R新手(ish)。我已经编写了一些在R中使用for()
循环的代码。我想以矢量形式重写它,但是它不起作用。
用于说明的简化示例:
library(dplyr)
x <- data.frame(name = c("John", "John", "John", "John", "John", "John", "John", "John", "Fred", "Fred"),
year = c(1, NA, 2, 3, NA, NA, 4, NA, 1, NA))
## if year is blank and name is same as name from previous row
## take year from previous row
## else
## stick with the year you already have
# 1. Run as a loop
x$year_2 <- NA
x$year_2[1] <- x$year[1]
for(row_idx in 2:10)
{
if(is.na(x$year[row_idx]) & (x$name[row_idx] == x$name[row_idx - 1]))
{
x$year_2[row_idx] = x$year_2[row_idx - 1]
}
else
{
x$year_2[row_idx] = x$year[row_idx]
}
}
# 2. Attempt to vectorise
x <- data.frame(name = c("John", "John", "John", "John", "John", "John", "John", "John", "Fred", "Fred"),
year = c(1, NA, 2, 3, NA, NA, 4, NA, 1, NA))
x$year_2 <- ifelse(is.na(x$year) & x$name == lead(x$name),
lead(x$year_2),
x$year)
我认为矢量化版本被弄乱了,因为它具有圆形性(即x$year_2
出现在<-
的两侧)。

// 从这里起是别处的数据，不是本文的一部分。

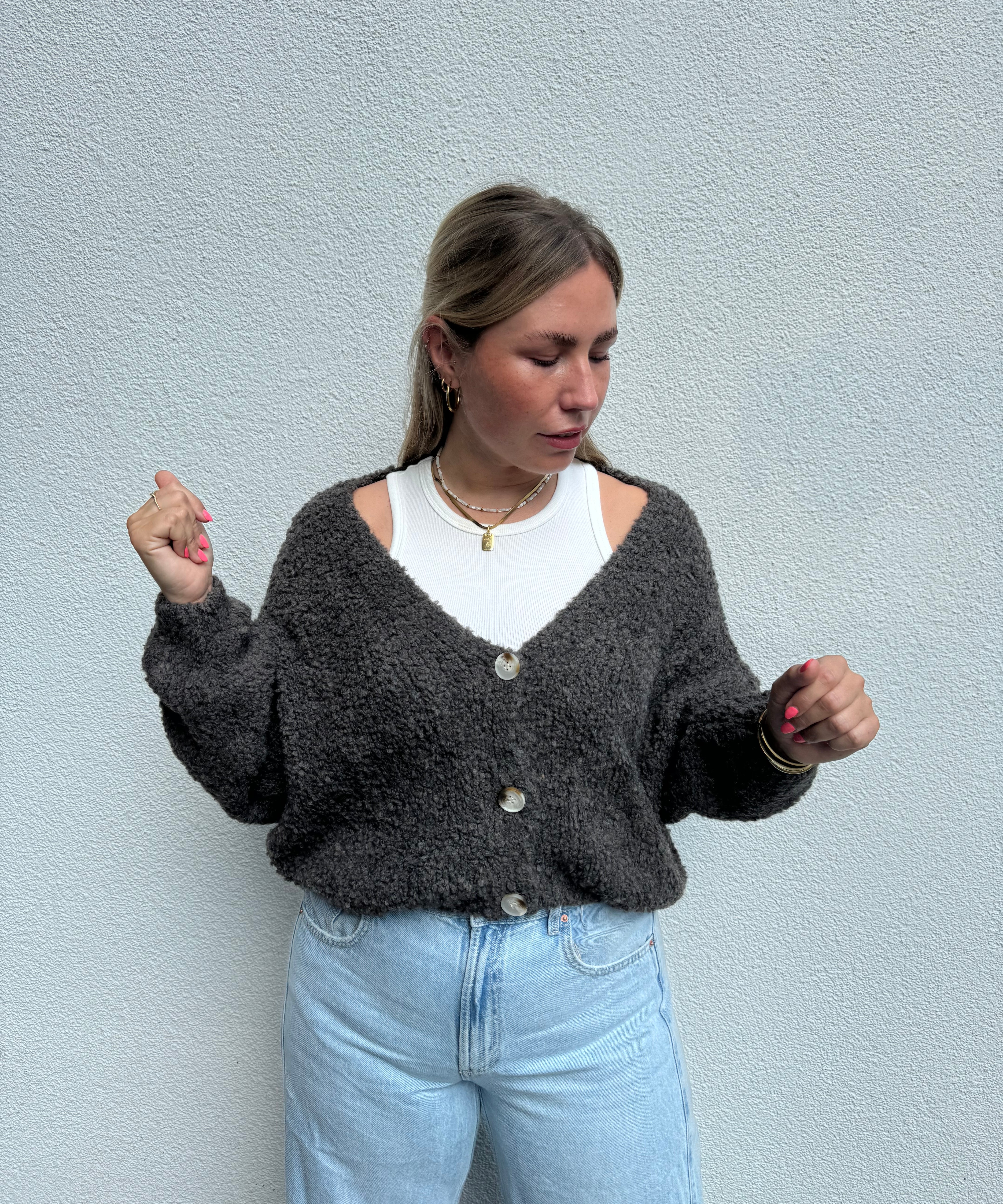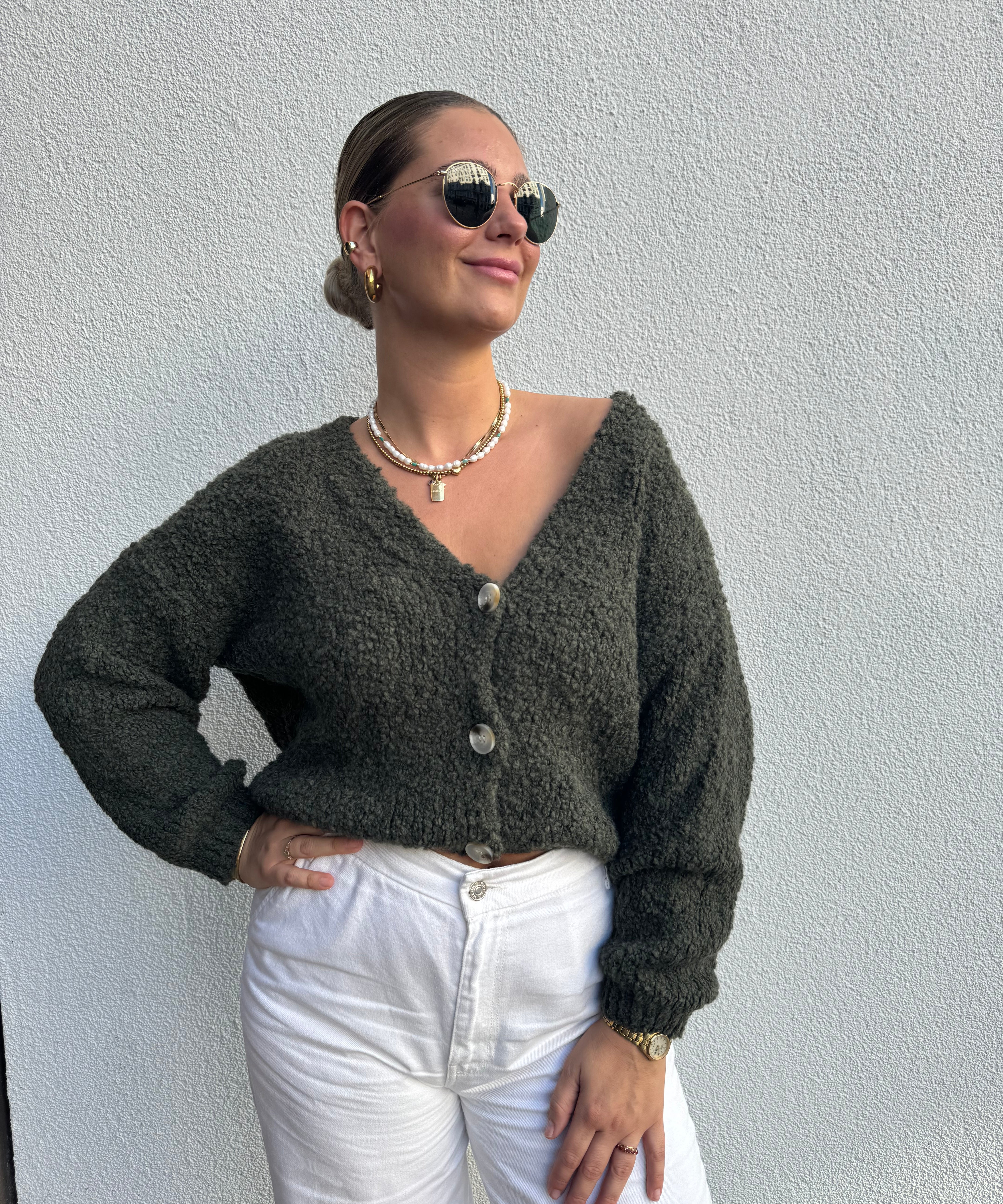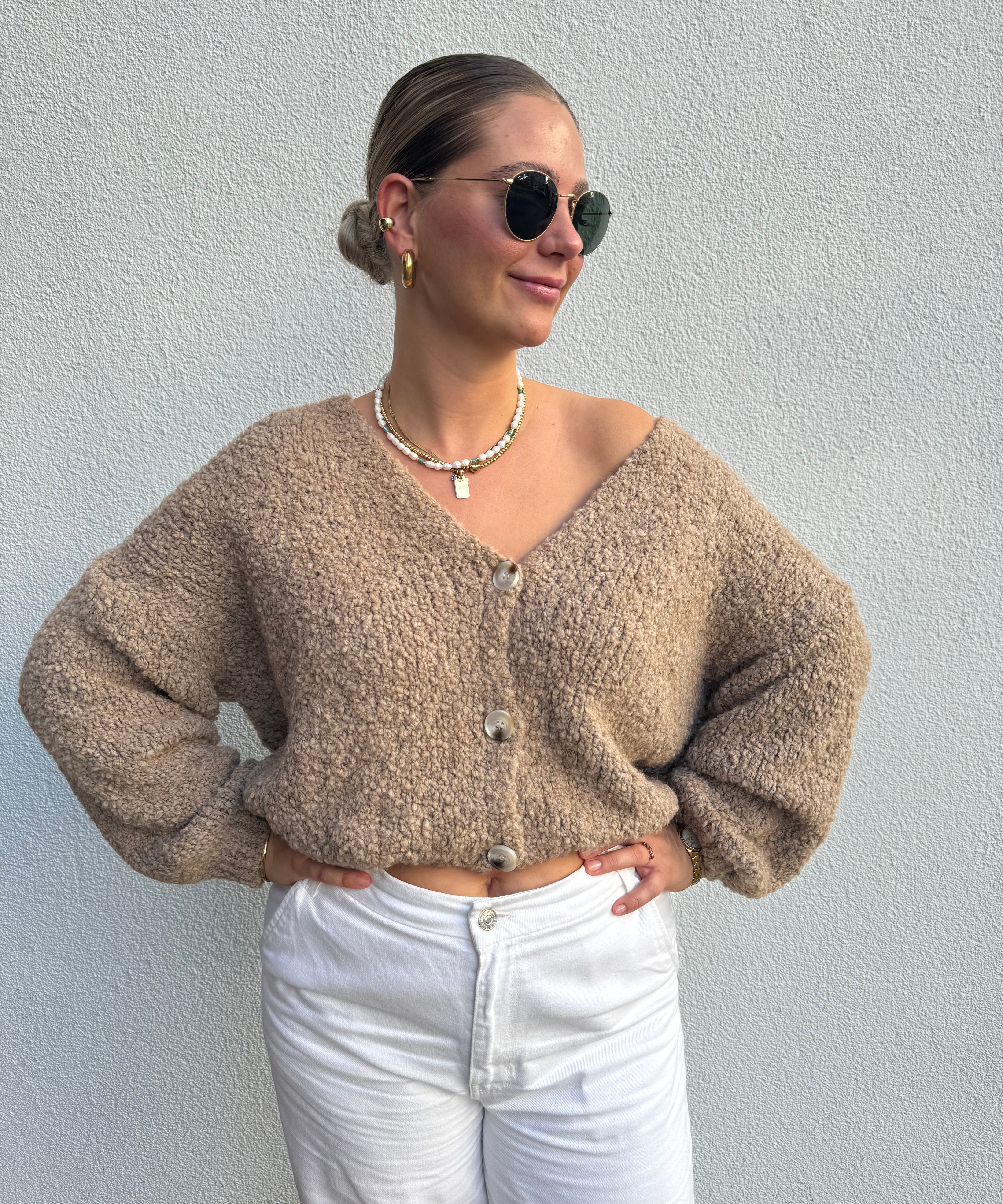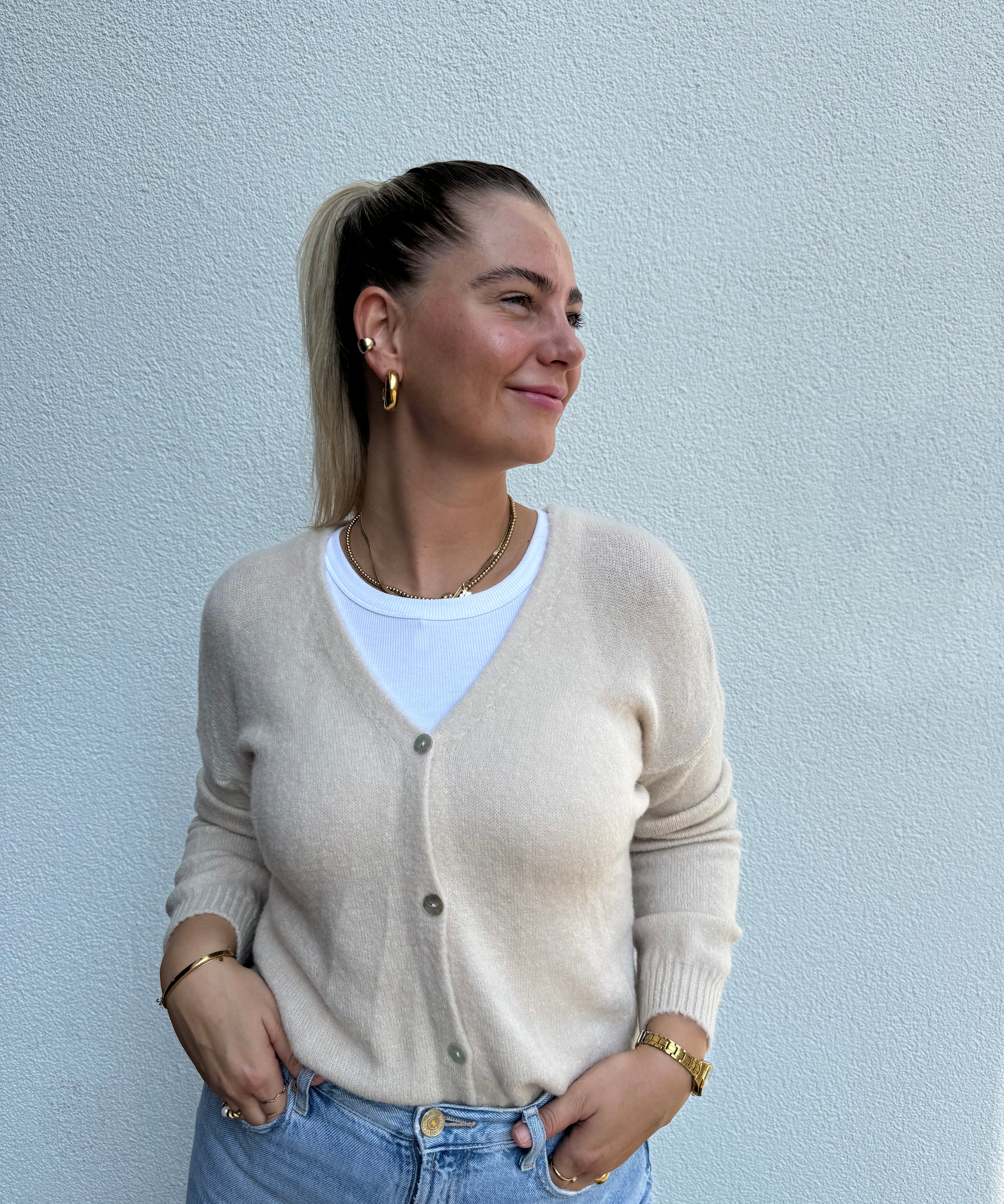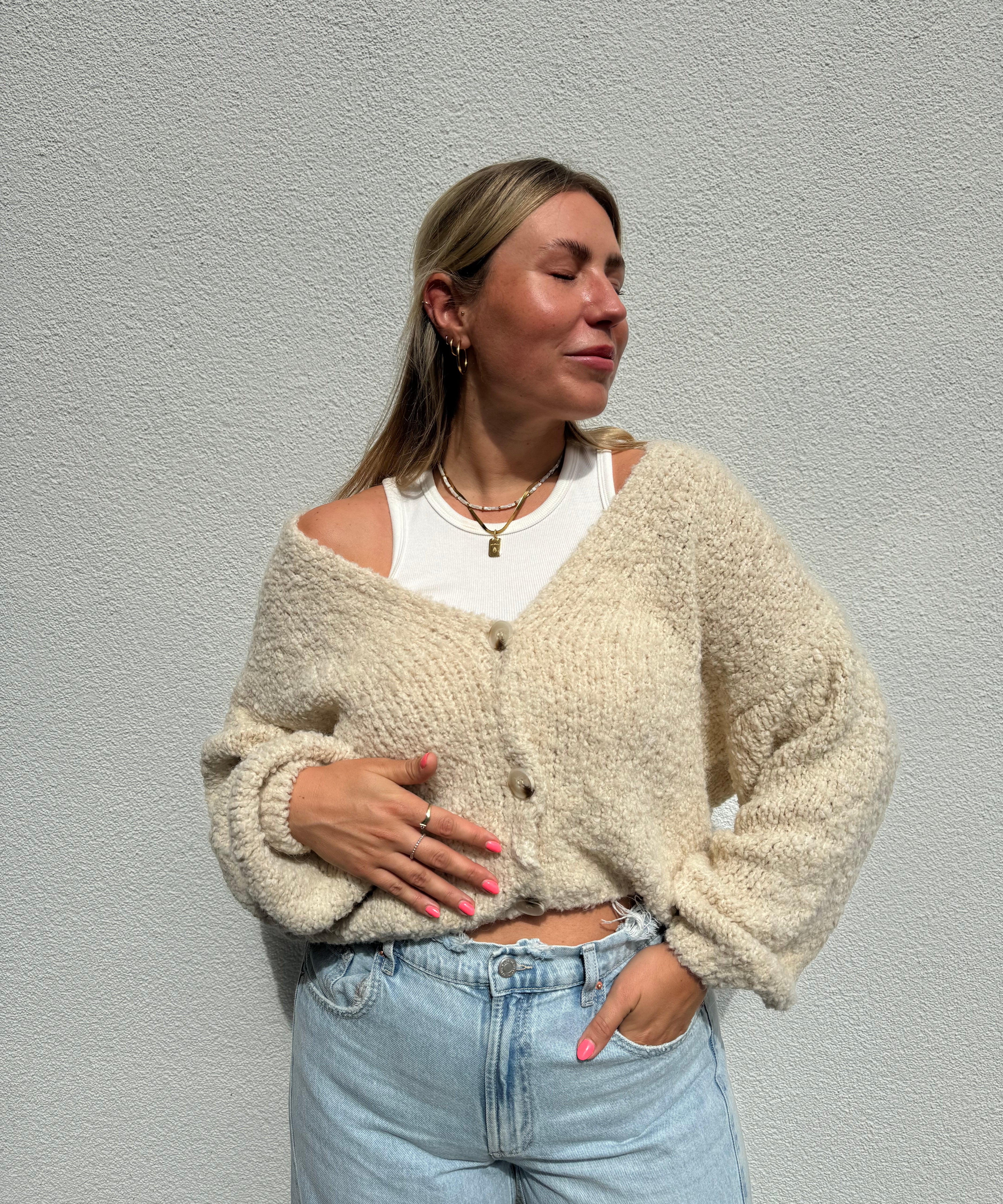 Strickweste mit goldenen Knöpfen Beige von vorne

有办法解决这个问题吗?
谢谢。
答案 0 :(得分:4)
我建议您使用已经建立的功能,因为我们受过重新发明轮子的训练,所以R在一开始会感到困难。
library(tidyverse)
x <- data.frame(name = c("John", "John", "John", "John", "John", "John", "John", "John", "Fred", "Fred"),
year = c(1, NA, 2, 3, NA, NA, 4, NA, 1, NA))
x %>%
group_by(name) %>%
tidyr::fill(year)
答案 1 :(得分:1)
如果您使用的是dplyr
/ tidyverse
:
library(dplyr)
library(tidyr)
x %>%
group_by(name) %>%
fill("year")
name year
<fct> <dbl>
1 John 1
2 John 1
3 John 2
4 John 3
5 John 3
6 John 3
7 John 4
8 John 4
9 Fred 1
10 Fred 1
答案 2 :(得分:0)
如果您知道数据框始终采用这种排序方式,则应使用最新的不丢失值填充NAs
,以适合您的情况。
library(zoo)
x <- data.frame(name = c("John", "John", "John", "John", "John", "John", "John", "John", "Fred", "Fred"),
year = c(1, NA, 2, 3, NA, NA, 4, NA, 1, NA))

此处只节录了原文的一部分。